(Records from a collection)
■ ■ ■ ■ ■ ■ ■

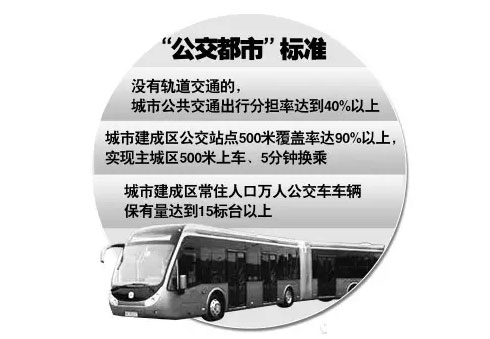 “公交都市”的創(chuàng)建與之前公交優(yōu)先不同的是,“公交都市”必須達到以下標準:有軌道交通的城市公共交通出行分擔率達到45%以上,沒有軌道交通的城市公共交通出行分擔率達到40%以上;城市建成區(qū)公交線網(wǎng)密度3公里/平方公里以上;城市建成區(qū)公交站點500米覆蓋率達到90%以上,實現(xiàn)主城區(qū)500米上車、5分鐘換乘;新能源城市公共交通車輛比例達到5%以上;城市公共交通的乘客測評滿意度達到80%以上;公共汽電車交通責任事故年均死亡率控制在4.5人/萬標臺以內(nèi);城市公共交通相關規(guī)劃體系初步形成;城市公共交通政策和標準規(guī)范體系基本完善;城鄉(xiāng)客運一體化管理格局基本形成。
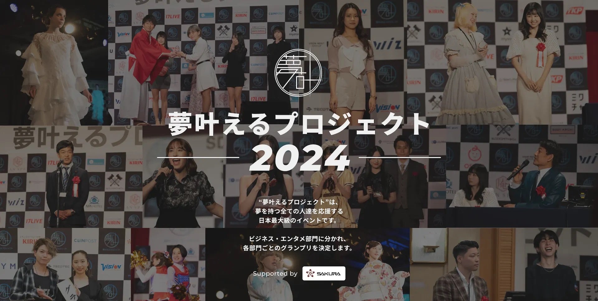 “夢叶えるプロジェクト”は、飲食・観光・WEB・ファッションなど部門別にグランプリを決め、「夢にチャレンジする」人たちをバックアップしていく、夢を持つ全ての人を応援する日本最大級エンタメビジネスコンテスト。今年3月27日に帝国ホテルにて“夢叶えるプロジェクト授賞式”が開催され、特別審査員を務めるゆうこすやはじめしゃちょー、アパホテル社長の元谷芙美子などに出席して頂きました。配信や動画・書類などの予選を経て最終審査、全10部門から1名ずつグランプリが決定しました。今年度も“夢叶えるプロジェクト2024”を開催中。今後、様々なオーディションやイベントを開催していく予定です。
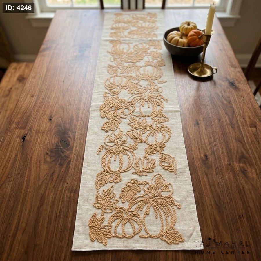 رنر مفرش طاولة بنقوش بارزة على شكل يقطين وأوراق شجر
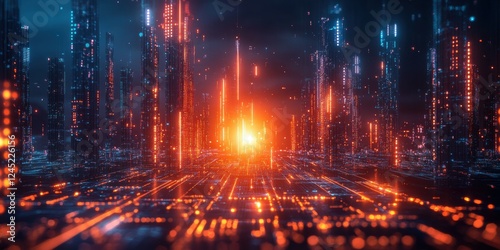 Fototapeta premium Vibrant Vertical Composition Highlighting Futuristic Urban Landscape
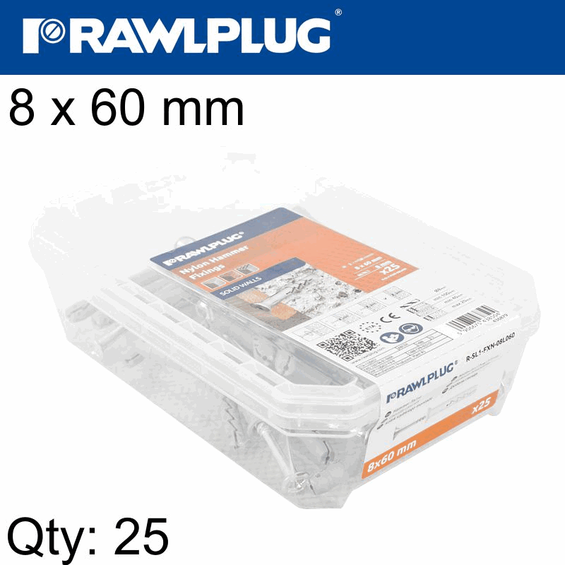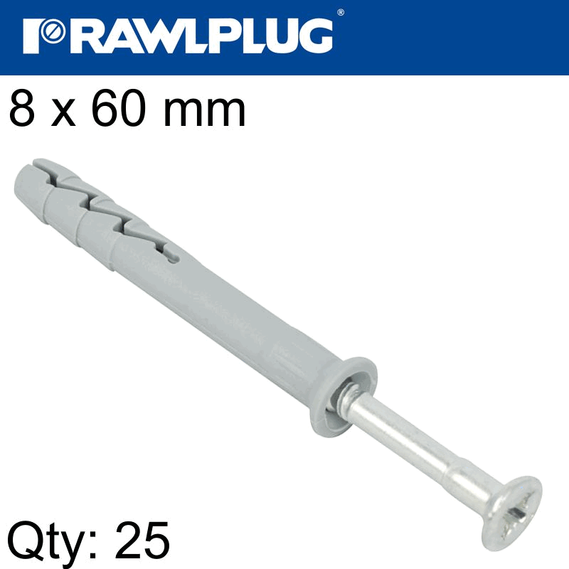 RAWLPLUG Hammer In Fixing 8 X 60Mm Csk 25 Psc Per Tub
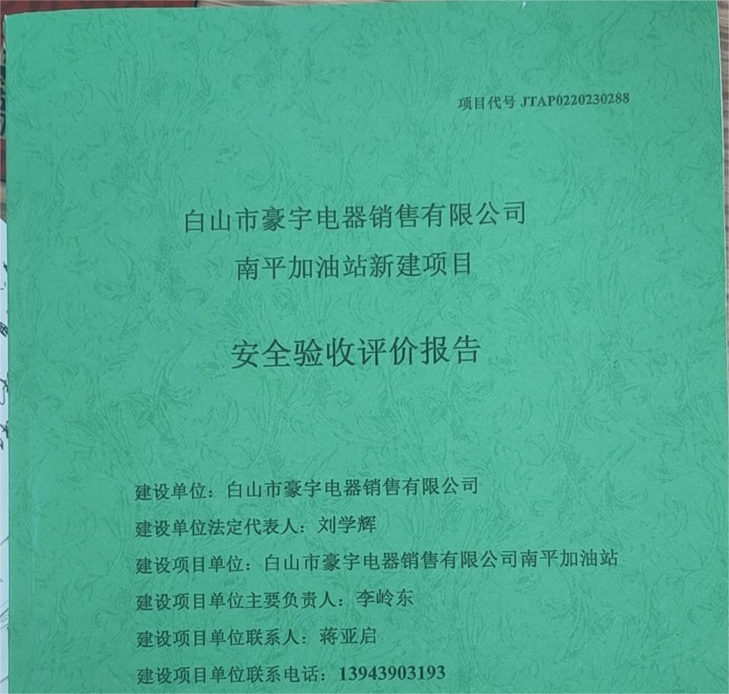 JTAP0220230288--白山市豪宇電器銷售有限公司南平加油站新建項目安全...
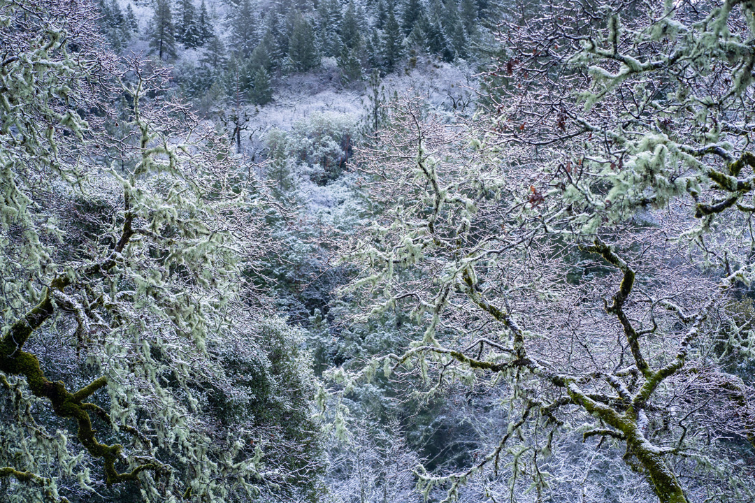 Oak trees in snow.
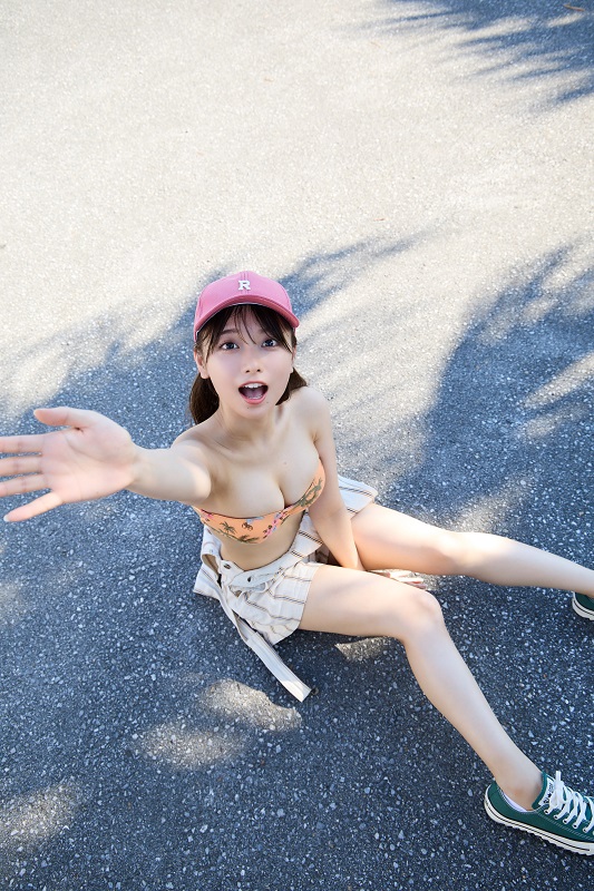 今回の誌面について、「私にはキャップにスニーカーといったカジュアルなスタイルのイメージがあるのか、毎回衣装に組み込まれているような気がするんです! 実は普段の性格や行動から『少年』というあだ名がつけられているんです(笑)。それに加えて、私自身そういったスタイルが好きなのでとても嬉しいですし、しっくりくるのでお気に入りです! 逆にボーダーの水着にかきあげヘアーのカットは、夕景なのも相まって中々雰囲気のある写真になっていてこちらもお気に入りです! 私っぽいものからギャップのあるものまで、まるぴのことを考えて衣装やヘアメイクを決めてくれているのだと思うと本当に幸せなことだなあと思います。一冊でいろいろな表情を見てもらえると思うので、お気に入りのまるぴを探してほしいです!」とアピールした。
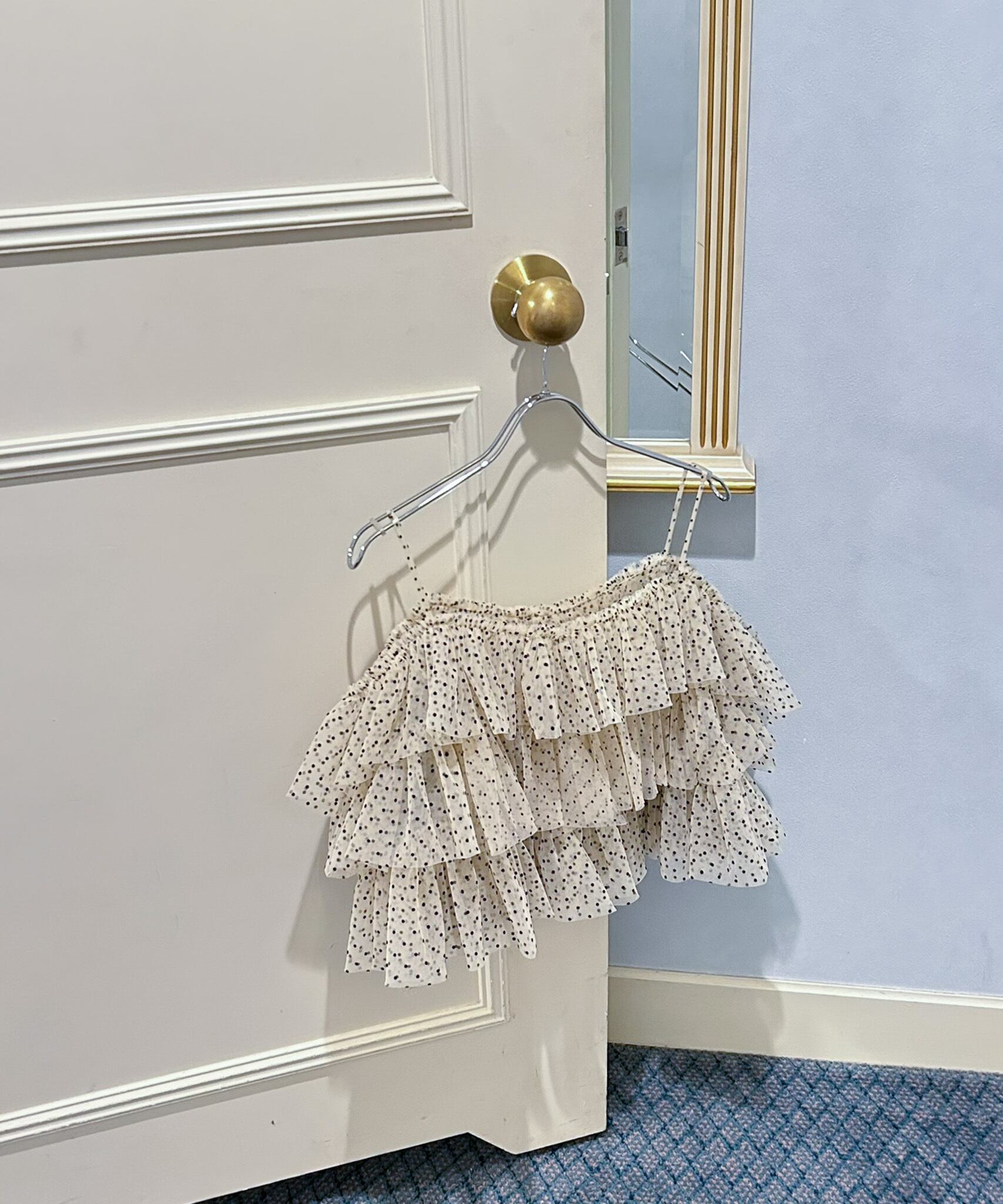 キャミソールは、ドットチュールをふんだんに使用し、ボリューミーに仕上げました。

■ ■ ■ ■ ■ ■ ■

▶ [What you are asked to do]: Output every entry above exactly, minus the pictures.

▶ [Task output]:
 “公交都市”的創(chuàng)建與之前公交優(yōu)先不同的是,“公交都市”必須達到以下標準:有軌道交通的城市公共交通出行分擔率達到45%以上,沒有軌道交通的城市公共交通出行分擔率達到40%以上;城市建成區(qū)公交線網(wǎng)密度3公里/平方公里以上;城市建成區(qū)公交站點500米覆蓋率達到90%以上,實現(xiàn)主城區(qū)500米上車、5分鐘換乘;新能源城市公共交通車輛比例達到5%以上;城市公共交通的乘客測評滿意度達到80%以上;公共汽電車交通責任事故年均死亡率控制在4.5人/萬標臺以內(nèi);城市公共交通相關規(guī)劃體系初步形成;城市公共交通政策和標準規(guī)范體系基本完善;城鄉(xiāng)客運一體化管理格局基本形成。
 “夢叶えるプロジェクト”は、飲食・観光・WEB・ファッションなど部門別にグランプリを決め、「夢にチャレンジする」人たちをバックアップしていく、夢を持つ全ての人を応援する日本最大級エンタメビジネスコンテスト。今年3月27日に帝国ホテルにて“夢叶えるプロジェクト授賞式”が開催され、特別審査員を務めるゆうこすやはじめしゃちょー、アパホテル社長の元谷芙美子などに出席して頂きました。配信や動画・書類などの予選を経て最終審査、全10部門から1名ずつグランプリが決定しました。今年度も“夢叶えるプロジェクト2024”を開催中。今後、様々なオーディションやイベントを開催していく予定です。
 رنر مفرش طاولة بنقوش بارزة على شكل يقطين وأوراق شجر
 Fototapeta premium Vibrant Vertical Composition Highlighting Futuristic Urban Landscape
 RAWLPLUG Hammer In Fixing 8 X 60Mm Csk 25 Psc Per Tub
 JTAP0220230288--白山市豪宇電器銷售有限公司南平加油站新建項目安全...
 Oak trees in snow.
 今回の誌面について、「私にはキャップにスニーカーといったカジュアルなスタイルのイメージがあるのか、毎回衣装に組み込まれているような気がするんです! 実は普段の性格や行動から『少年』というあだ名がつけられているんです(笑)。それに加えて、私自身そういったスタイルが好きなのでとても嬉しいですし、しっくりくるのでお気に入りです! 逆にボーダーの水着にかきあげヘアーのカットは、夕景なのも相まって中々雰囲気のある写真になっていてこちらもお気に入りです! 私っぽいものからギャップのあるものまで、まるぴのことを考えて衣装やヘアメイクを決めてくれているのだと思うと本当に幸せなことだなあと思います。一冊でいろいろな表情を見てもらえると思うので、お気に入りのまるぴを探してほしいです!」とアピールした。
 キャミソールは、ドットチュールをふんだんに使用し、ボリューミーに仕上げました。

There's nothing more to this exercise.